§ **EXERCISE DIRECTIONS**
Look in the data below for the line that has "Kit 3 quadros", then print exactly every line from there through the line that has "A matching velvet", leaving pictures out.

§ **DATA EXTRACT**
Content starts

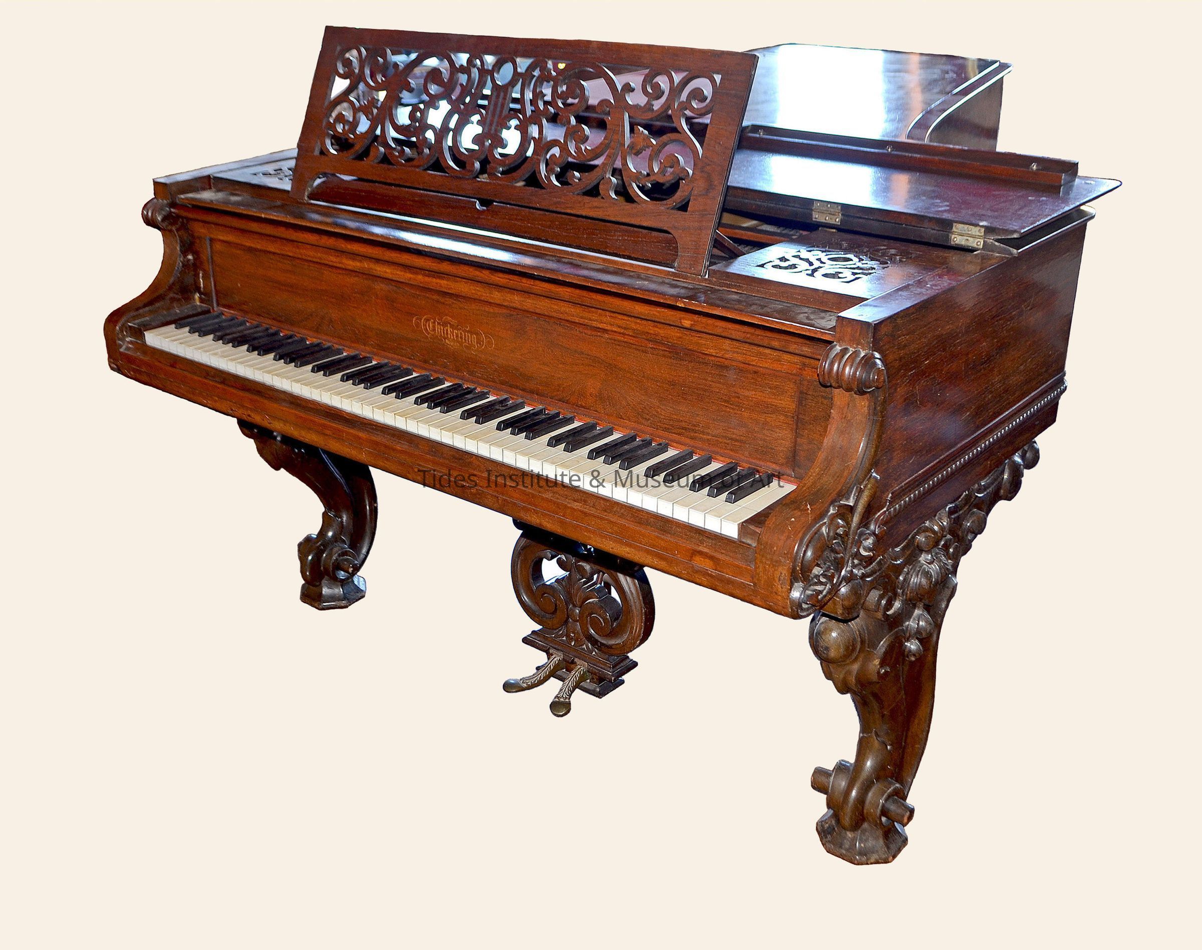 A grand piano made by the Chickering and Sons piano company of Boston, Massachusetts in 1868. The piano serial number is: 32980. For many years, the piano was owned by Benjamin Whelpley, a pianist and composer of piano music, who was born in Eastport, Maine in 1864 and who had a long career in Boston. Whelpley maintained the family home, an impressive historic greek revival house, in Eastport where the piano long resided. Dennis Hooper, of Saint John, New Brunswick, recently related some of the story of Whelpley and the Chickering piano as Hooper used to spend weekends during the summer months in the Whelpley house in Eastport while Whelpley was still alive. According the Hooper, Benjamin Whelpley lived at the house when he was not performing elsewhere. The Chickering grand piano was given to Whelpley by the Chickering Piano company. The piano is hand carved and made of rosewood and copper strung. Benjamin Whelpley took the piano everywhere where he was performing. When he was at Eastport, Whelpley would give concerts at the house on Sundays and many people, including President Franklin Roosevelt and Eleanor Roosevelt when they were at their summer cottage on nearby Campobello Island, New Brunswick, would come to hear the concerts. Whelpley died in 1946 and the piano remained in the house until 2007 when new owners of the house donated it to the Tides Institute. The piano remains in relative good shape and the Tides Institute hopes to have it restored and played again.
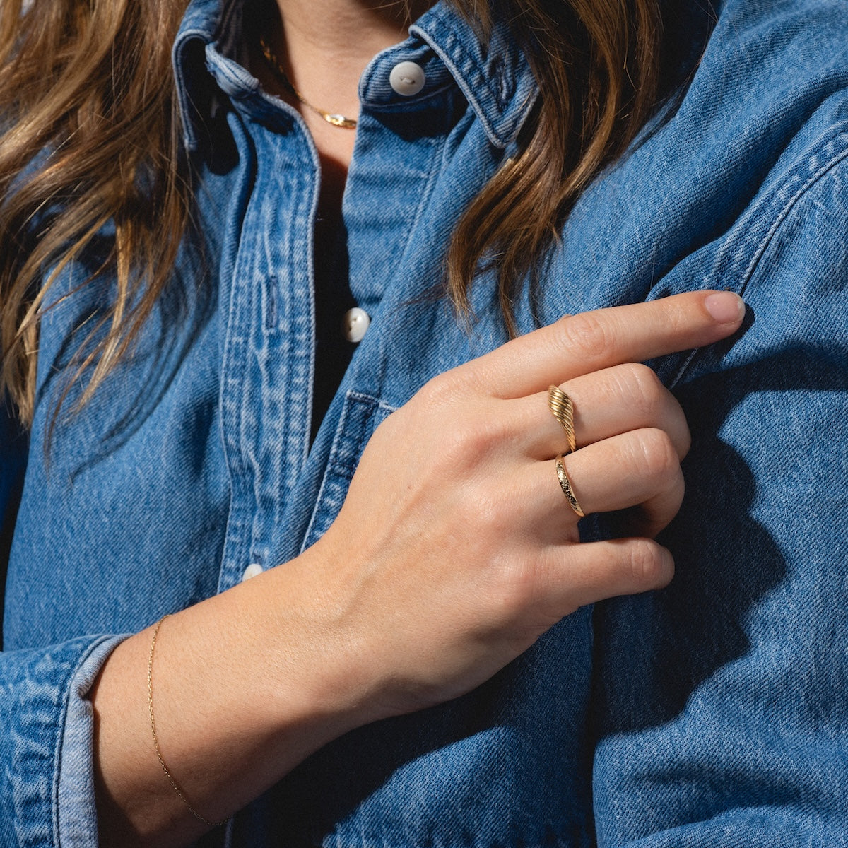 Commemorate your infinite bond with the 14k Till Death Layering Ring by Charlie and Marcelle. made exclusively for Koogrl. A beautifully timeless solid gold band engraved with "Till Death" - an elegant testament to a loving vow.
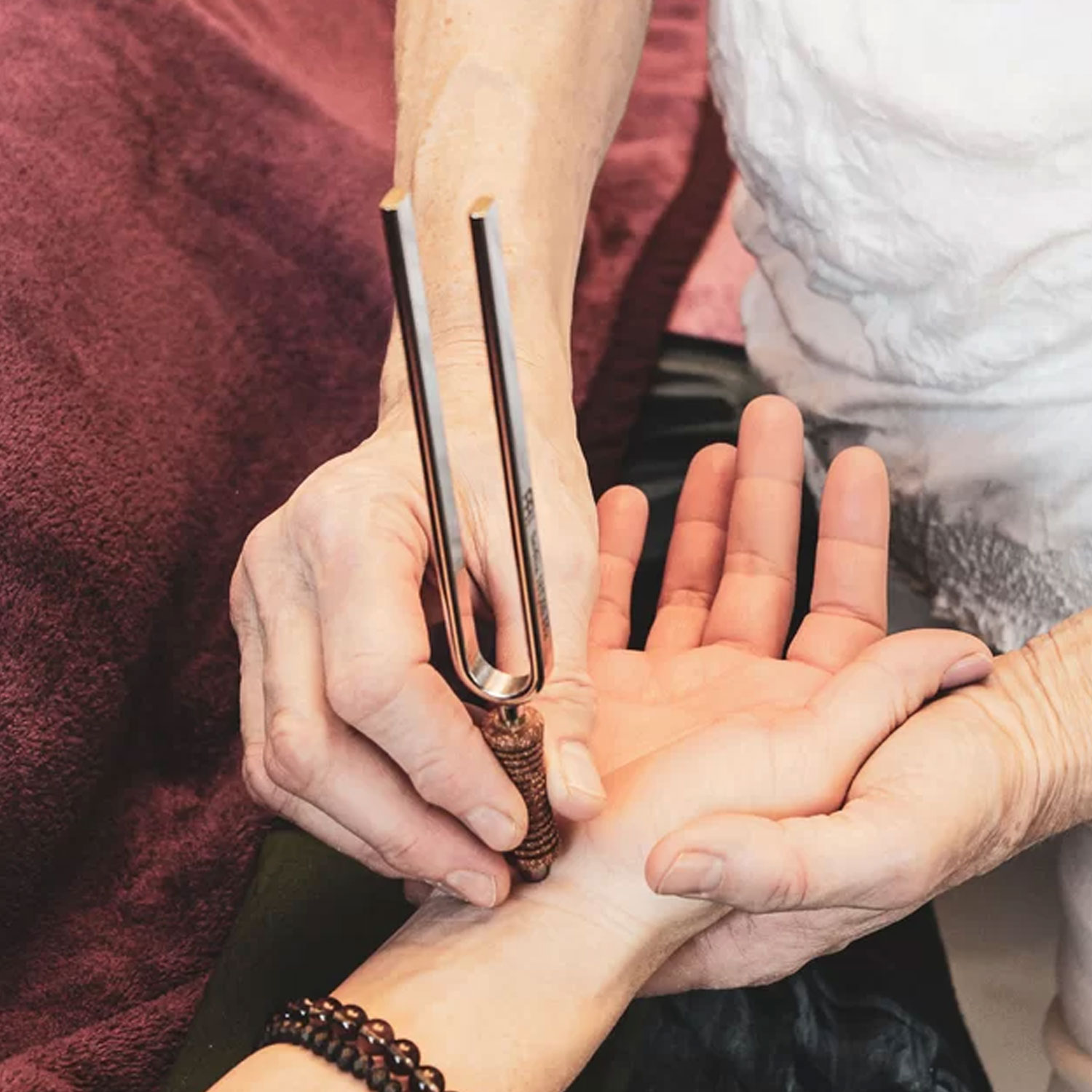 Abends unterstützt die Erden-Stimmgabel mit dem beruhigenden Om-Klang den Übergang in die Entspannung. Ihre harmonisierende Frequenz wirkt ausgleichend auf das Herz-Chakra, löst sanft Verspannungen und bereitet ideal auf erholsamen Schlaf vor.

Content ends
Content starts

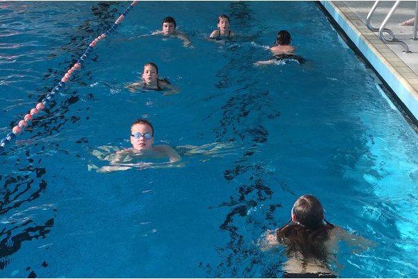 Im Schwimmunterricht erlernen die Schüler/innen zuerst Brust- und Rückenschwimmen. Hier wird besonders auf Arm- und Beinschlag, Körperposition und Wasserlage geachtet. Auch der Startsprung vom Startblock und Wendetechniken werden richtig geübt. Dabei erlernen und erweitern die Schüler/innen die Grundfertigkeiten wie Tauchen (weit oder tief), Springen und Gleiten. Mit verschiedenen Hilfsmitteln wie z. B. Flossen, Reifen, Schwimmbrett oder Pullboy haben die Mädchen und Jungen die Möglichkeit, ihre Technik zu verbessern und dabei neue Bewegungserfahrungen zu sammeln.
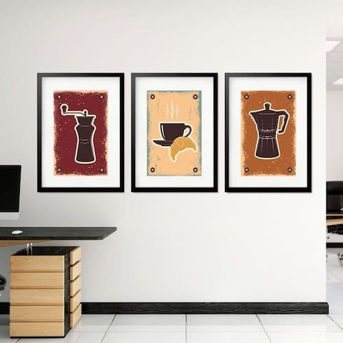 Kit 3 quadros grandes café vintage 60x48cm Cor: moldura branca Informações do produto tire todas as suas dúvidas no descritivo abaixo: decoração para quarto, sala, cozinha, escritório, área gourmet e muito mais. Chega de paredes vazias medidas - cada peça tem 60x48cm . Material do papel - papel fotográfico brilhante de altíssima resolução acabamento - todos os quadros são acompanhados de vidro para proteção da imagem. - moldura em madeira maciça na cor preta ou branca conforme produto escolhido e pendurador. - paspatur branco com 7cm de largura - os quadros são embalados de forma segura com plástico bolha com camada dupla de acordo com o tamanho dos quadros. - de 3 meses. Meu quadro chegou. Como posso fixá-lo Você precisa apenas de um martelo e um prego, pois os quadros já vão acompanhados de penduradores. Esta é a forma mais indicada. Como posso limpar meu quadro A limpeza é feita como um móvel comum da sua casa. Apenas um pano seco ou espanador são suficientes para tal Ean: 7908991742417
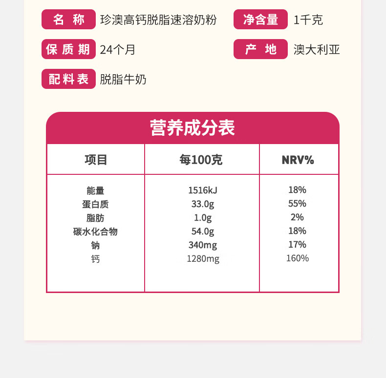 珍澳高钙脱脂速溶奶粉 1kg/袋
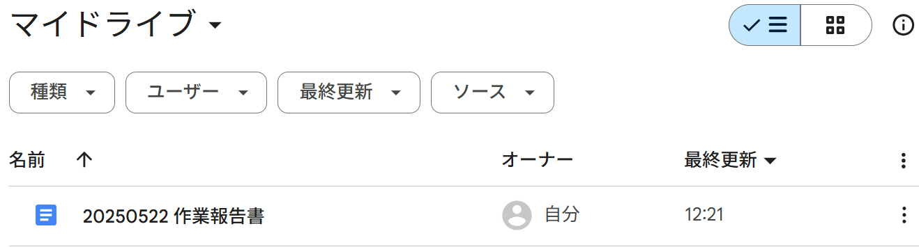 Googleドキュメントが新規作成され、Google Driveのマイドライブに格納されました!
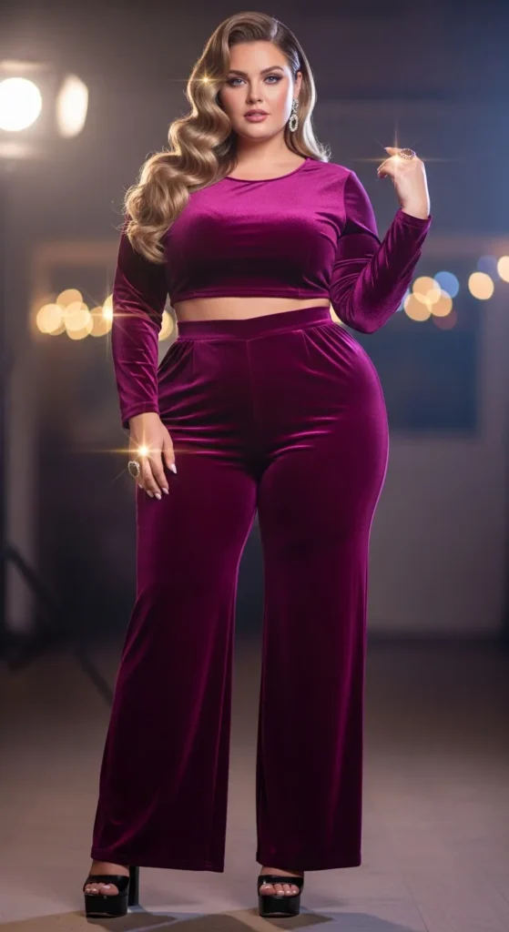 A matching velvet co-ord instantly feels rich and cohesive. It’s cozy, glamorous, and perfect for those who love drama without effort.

Content ends

§ **EXERCISE RESPONSE**
 Kit 3 quadros grandes café vintage 60x48cm Cor: moldura branca Informações do produto tire todas as suas dúvidas no descritivo abaixo: decoração para quarto, sala, cozinha, escritório, área gourmet e muito mais. Chega de paredes vazias medidas - cada peça tem 60x48cm . Material do papel - papel fotográfico brilhante de altíssima resolução acabamento - todos os quadros são acompanhados de vidro para proteção da imagem. - moldura em madeira maciça na cor preta ou branca conforme produto escolhido e pendurador. - paspatur branco com 7cm de largura - os quadros são embalados de forma segura com plástico bolha com camada dupla de acordo com o tamanho dos quadros. - de 3 meses. Meu quadro chegou. Como posso fixá-lo Você precisa apenas de um martelo e um prego, pois os quadros já vão acompanhados de penduradores. Esta é a forma mais indicada. Como posso limpar meu quadro A limpeza é feita como um móvel comum da sua casa. Apenas um pano seco ou espanador são suficientes para tal Ean: 7908991742417
 珍澳高钙脱脂速溶奶粉 1kg/袋
 Googleドキュメントが新規作成され、Google Driveのマイドライブに格納されました!
 A matching velvet co-ord instantly feels rich and cohesive. It’s cozy, glamorous, and perfect for those who love drama without effort.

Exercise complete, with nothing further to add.